A prob_net object created by prob_net().

observations

A named list where names are node IDs and values are observed values.

num_samples

Number of samples to simulate for each node (default is 1000).

Value

A data frame with num_samples rows and one column per node containing the simulated posterior samples.

Details

This function updates a probabilistic network of project risks with observed values for certain nodes and then performs inference to generate posterior distributions for unobserved nodes. The function supports normal, uniform, lognormal, conditional continuous, conditional discrete, discrete, and aggregate (summation) node types.

Normal nodes are sampled from a normal distribution using the specified mean and sd. Uniform nodes are sampled from a uniform distribution between the specified min and max values. Lognormal nodes are sampled from a lognormal distribution with specified meanlog and sdlog. Conditional nodes depend on a discrete conditional node; if the condition is TRUE (value = 1), the node follows the true_dist, otherwise it follows the false_dist (value = 0). Conditional distributions can be normal, lognormal, uniform, or discrete. Discrete nodes are sampled using sample(), and aggregate nodes are computed as the sum of values from the specified nodes.
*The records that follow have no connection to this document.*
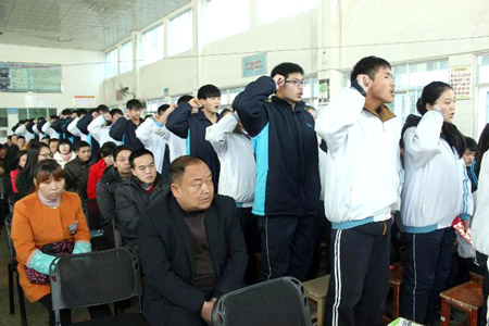 誓师大会着重鼓励高三学子树立坚定信念,保持良好心态,在最后的关键时刻,激情拼搏,科学规划,查漏补缺,争分夺秒,争取在六月高考时不留遗憾,为人生至关重要的一次挑战努力奋斗。(钟正菊 摄)
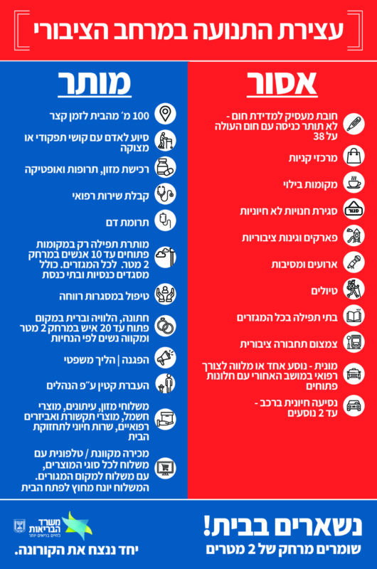 על פי תקנות החירום החדשות לא ניתן יהיה לצאת ממקום מגורים או ממקום שהייה קבוע למרחב הציבורי אלא לאחת מהפעולות או המטרות הבאות:
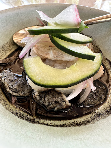 Black Aguachile shrimp: 100 grams of shrimp, Serrano Chile, cucumber, red onion, cilantro, & lime juice. Strongest flavor of the 3 dishes, slightly spicy/but delicious, and our favorite of everything.
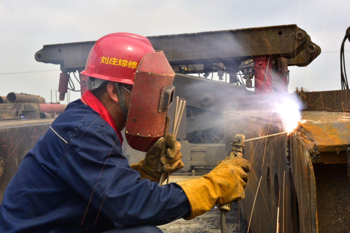 图为刘庄煤矿职工正在工作面检修液压支架。
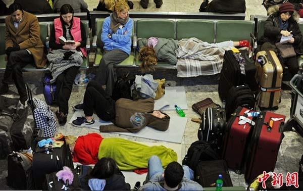 2010年12月21日,英国伦敦,圣诞节客流高峰恰逢大雪导致大量航班停飞,乘客们躺在希斯罗机场候车厅的地上、凳子上,周围堆满了乱放的行李。 >>>详细
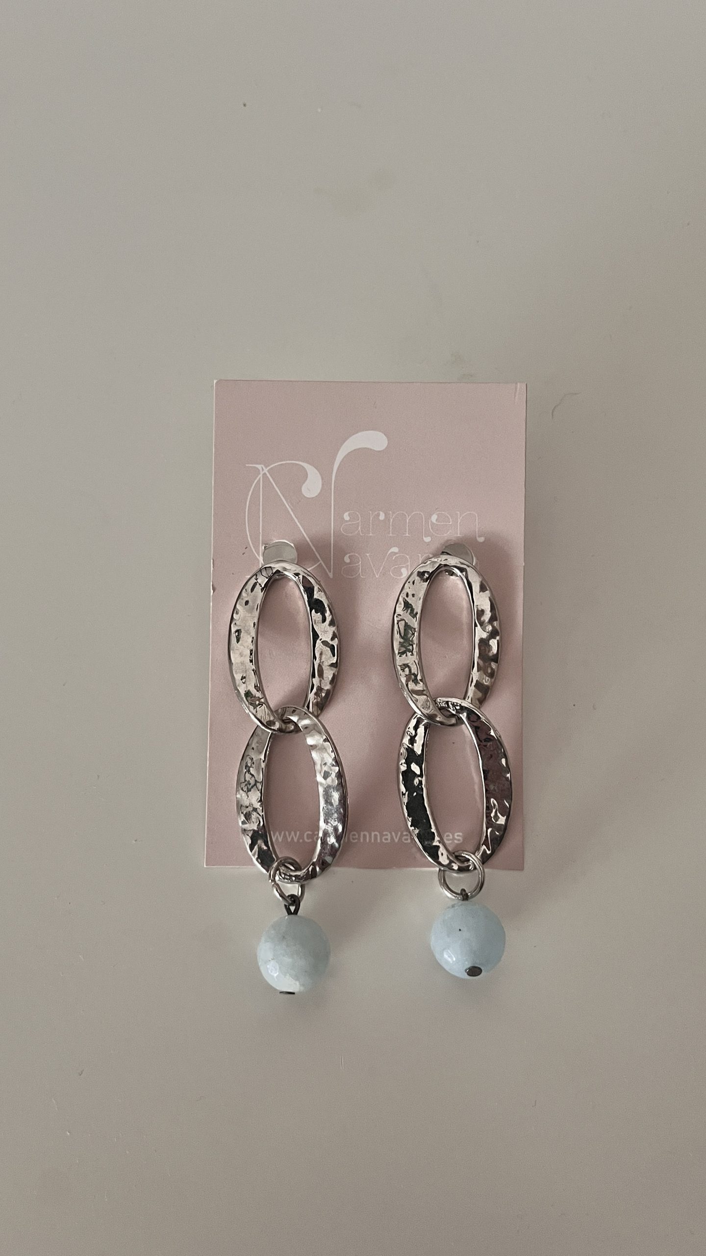Pendientes plateados doble eslabón piedra azul bebe 7cm longitud. Cierre presión.

Observed nodes are fixed at their given values.

Examples

# Define nodes
nodes <- data.frame(
  id = c("A", "B", "C", "D"),
  label = c("Node A", "Node B", "Node C", "Node D"),
  stringsAsFactors = FALSE
)

# Define links
links <- data.frame(
  source = c("A", "A", "B", "C"),
  target = c("B", "C", "D", "D"),
  weight = c(1, 2, 3, 4),
  stringsAsFactors = FALSE
)

# Define distributions for nodes
distributions <- list(
  A = list(type = "discrete", values = c(0, 1), probs = c(0.5, 0.5)),
  B = list(type = "normal", mean = 2, sd = 0.5),
  C = list(
    type = "conditional", condition = "A",
    true_dist = list(type = "normal", mean = 1, sd = 0.5),
    false_dist = list(type = "discrete", values = c(0, 1), probs = c(0.4, 0.6))
  ),
  D = list(type = "aggregate", nodes = c("B", "C"))
)

# Create the network graph
graph <- prob_net(nodes, links, distributions = distributions)

# Perform Bayesian updating with observations
observations <- list(A = 1)
updated_results <- prob_net_learn(graph, observations, num_samples = 1000)
head(updated_results)
#>   A        B         C        D
#> 1 1 2.129639 1.7865548 3.916194
#> 2 1 2.345738 1.1611199 3.506858
#> 3 1 1.817078 0.8336464 2.650725
#> 4 1 2.601603 0.2117512 2.813354
#> 5 1 1.503451 0.4629828 1.966434
#> 6 1 2.595935 1.1311792 3.727114